#### Material supplied:
━━━━

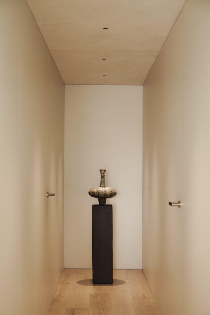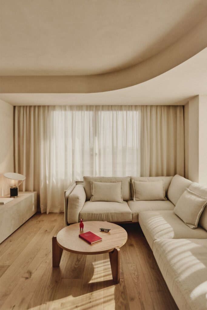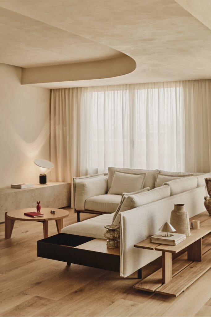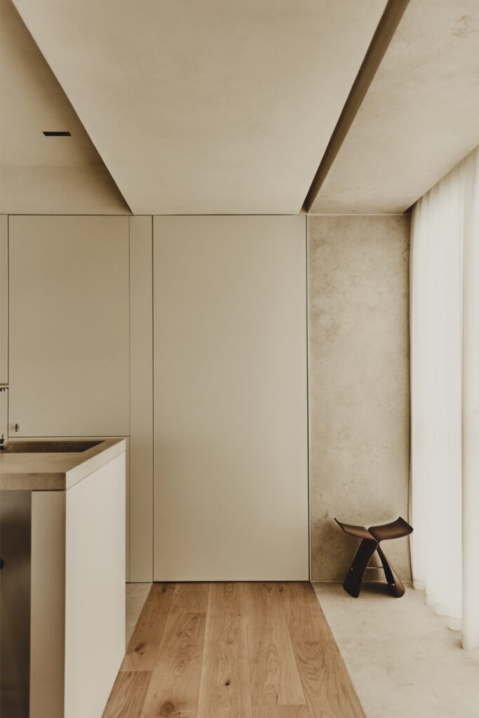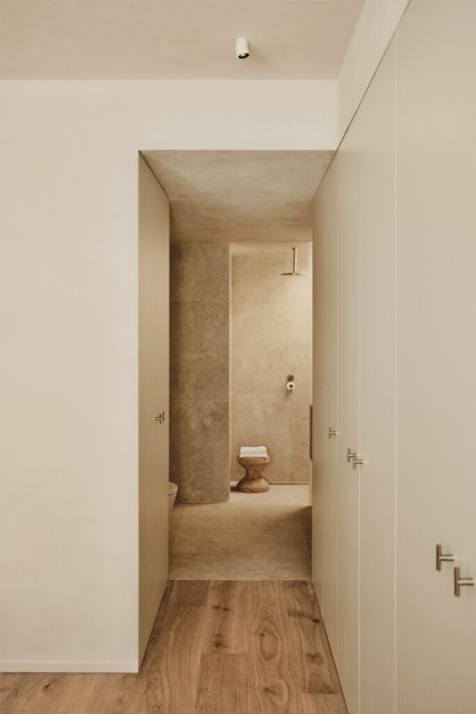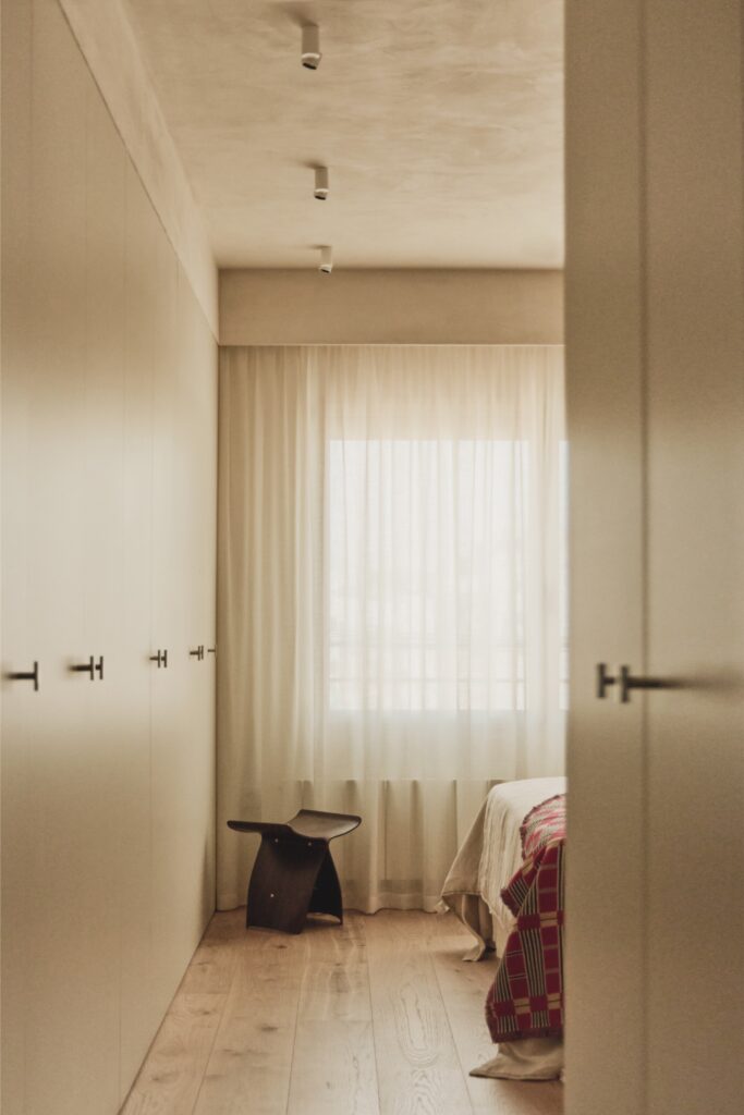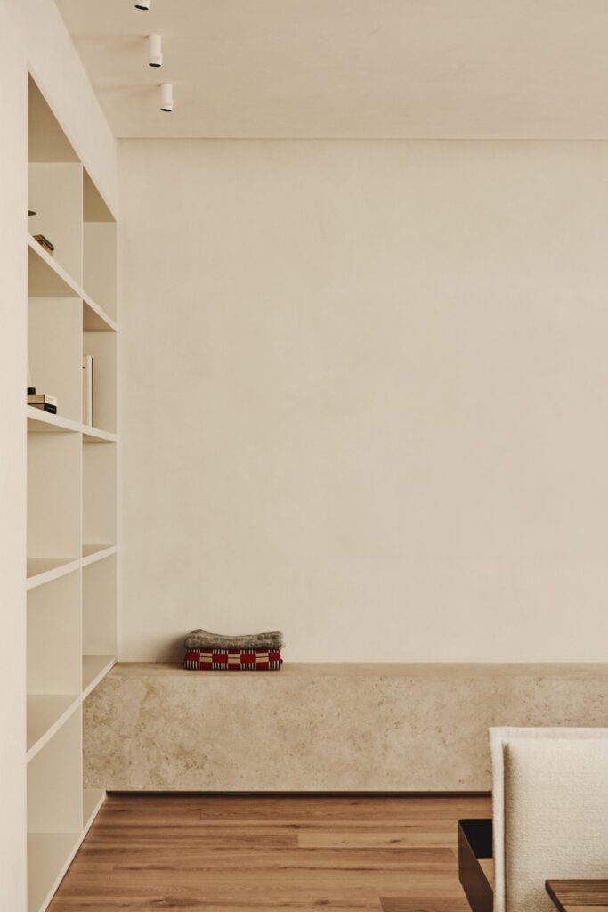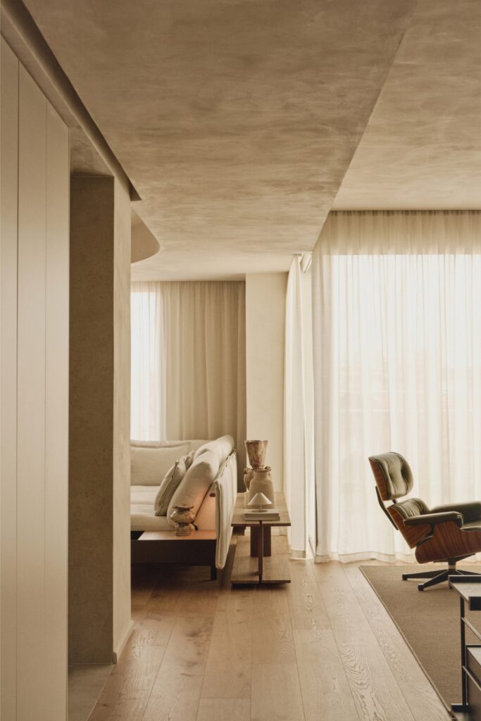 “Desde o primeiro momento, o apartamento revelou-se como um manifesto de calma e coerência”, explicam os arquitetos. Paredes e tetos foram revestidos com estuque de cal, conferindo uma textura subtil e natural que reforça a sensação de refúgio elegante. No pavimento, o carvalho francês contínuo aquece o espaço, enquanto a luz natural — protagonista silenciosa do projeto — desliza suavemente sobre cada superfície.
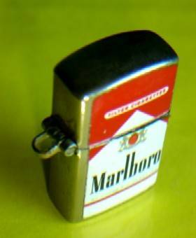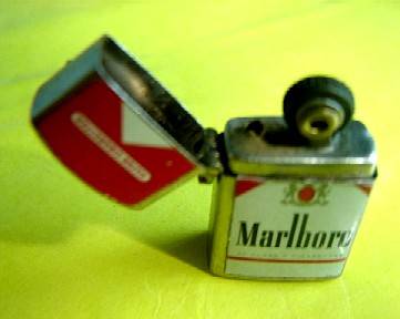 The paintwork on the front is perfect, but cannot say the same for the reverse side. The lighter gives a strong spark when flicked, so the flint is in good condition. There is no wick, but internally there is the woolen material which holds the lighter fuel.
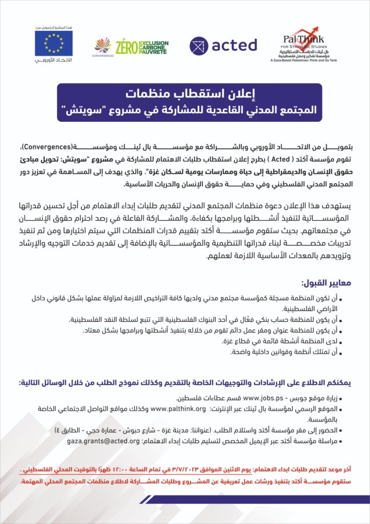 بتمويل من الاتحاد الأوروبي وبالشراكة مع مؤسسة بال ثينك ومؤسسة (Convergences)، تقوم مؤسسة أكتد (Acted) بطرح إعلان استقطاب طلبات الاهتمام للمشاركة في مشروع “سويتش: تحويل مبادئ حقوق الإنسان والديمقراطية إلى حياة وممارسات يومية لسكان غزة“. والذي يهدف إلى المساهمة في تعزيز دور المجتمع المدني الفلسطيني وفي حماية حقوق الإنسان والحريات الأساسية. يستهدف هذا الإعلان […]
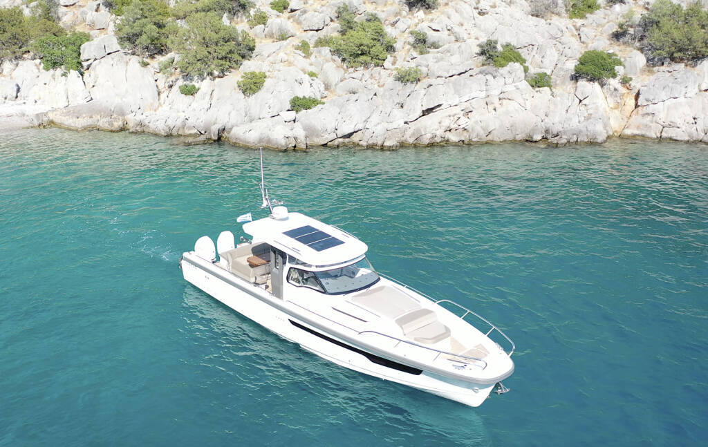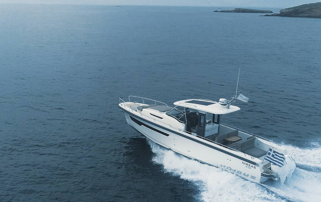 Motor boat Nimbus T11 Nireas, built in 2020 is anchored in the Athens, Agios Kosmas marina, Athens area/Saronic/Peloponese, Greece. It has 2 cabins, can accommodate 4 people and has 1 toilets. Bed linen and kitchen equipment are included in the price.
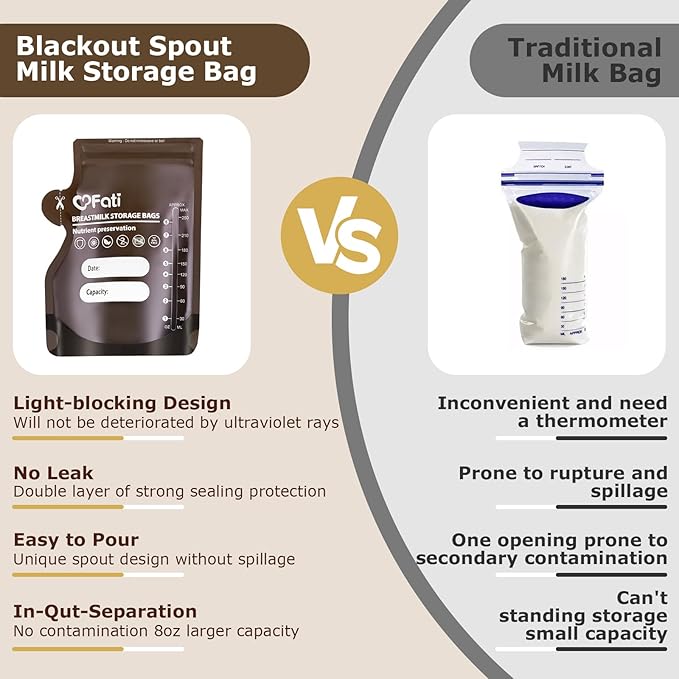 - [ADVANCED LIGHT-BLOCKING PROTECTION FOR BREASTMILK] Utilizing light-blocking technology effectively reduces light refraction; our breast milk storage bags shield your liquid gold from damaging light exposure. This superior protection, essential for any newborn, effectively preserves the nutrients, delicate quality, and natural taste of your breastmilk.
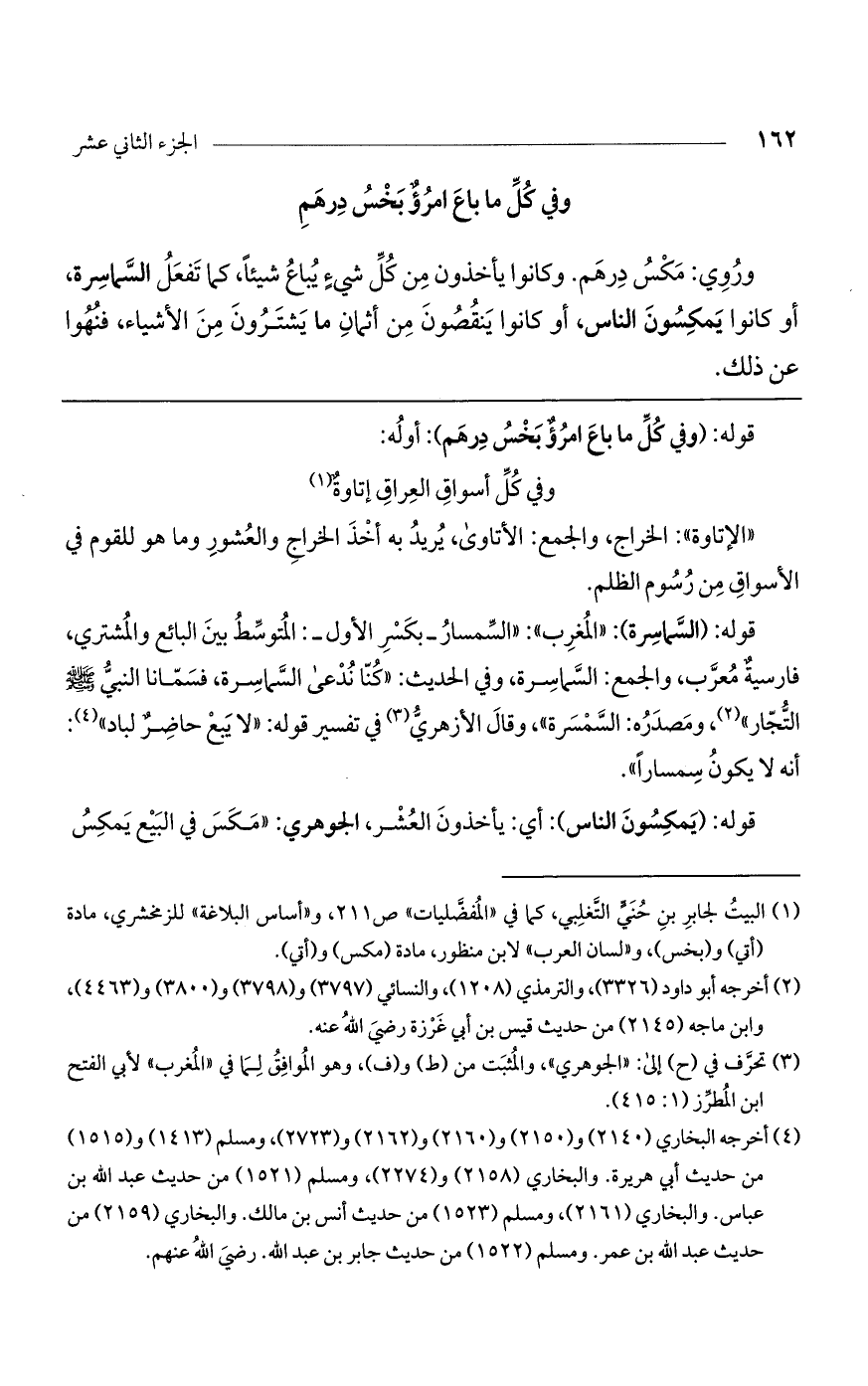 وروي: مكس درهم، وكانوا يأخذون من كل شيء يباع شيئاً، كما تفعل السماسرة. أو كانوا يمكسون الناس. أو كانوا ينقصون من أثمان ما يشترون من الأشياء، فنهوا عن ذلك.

━━━━

#### Exercise goal:
The required output is the exact lines from the opening line of the entries through the line with "Motor boat Nimbus", inclusive, without pictures.

#### Task solution:
 “Desde o primeiro momento, o apartamento revelou-se como um manifesto de calma e coerência”, explicam os arquitetos. Paredes e tetos foram revestidos com estuque de cal, conferindo uma textura subtil e natural que reforça a sensação de refúgio elegante. No pavimento, o carvalho francês contínuo aquece o espaço, enquanto a luz natural — protagonista silenciosa do projeto — desliza suavemente sobre cada superfície.
 The paintwork on the front is perfect, but cannot say the same for the reverse side. The lighter gives a strong spark when flicked, so the flint is in good condition. There is no wick, but internally there is the woolen material which holds the lighter fuel.
 بتمويل من الاتحاد الأوروبي وبالشراكة مع مؤسسة بال ثينك ومؤسسة (Convergences)، تقوم مؤسسة أكتد (Acted) بطرح إعلان استقطاب طلبات الاهتمام للمشاركة في مشروع “سويتش: تحويل مبادئ حقوق الإنسان والديمقراطية إلى حياة وممارسات يومية لسكان غزة“. والذي يهدف إلى المساهمة في تعزيز دور المجتمع المدني الفلسطيني وفي حماية حقوق الإنسان والحريات الأساسية. يستهدف هذا الإعلان […]
 Motor boat Nimbus T11 Nireas, built in 2020 is anchored in the Athens, Agios Kosmas marina, Athens area/Saronic/Peloponese, Greece. It has 2 cabins, can accommodate 4 people and has 1 toilets. Bed linen and kitchen equipment are included in the price.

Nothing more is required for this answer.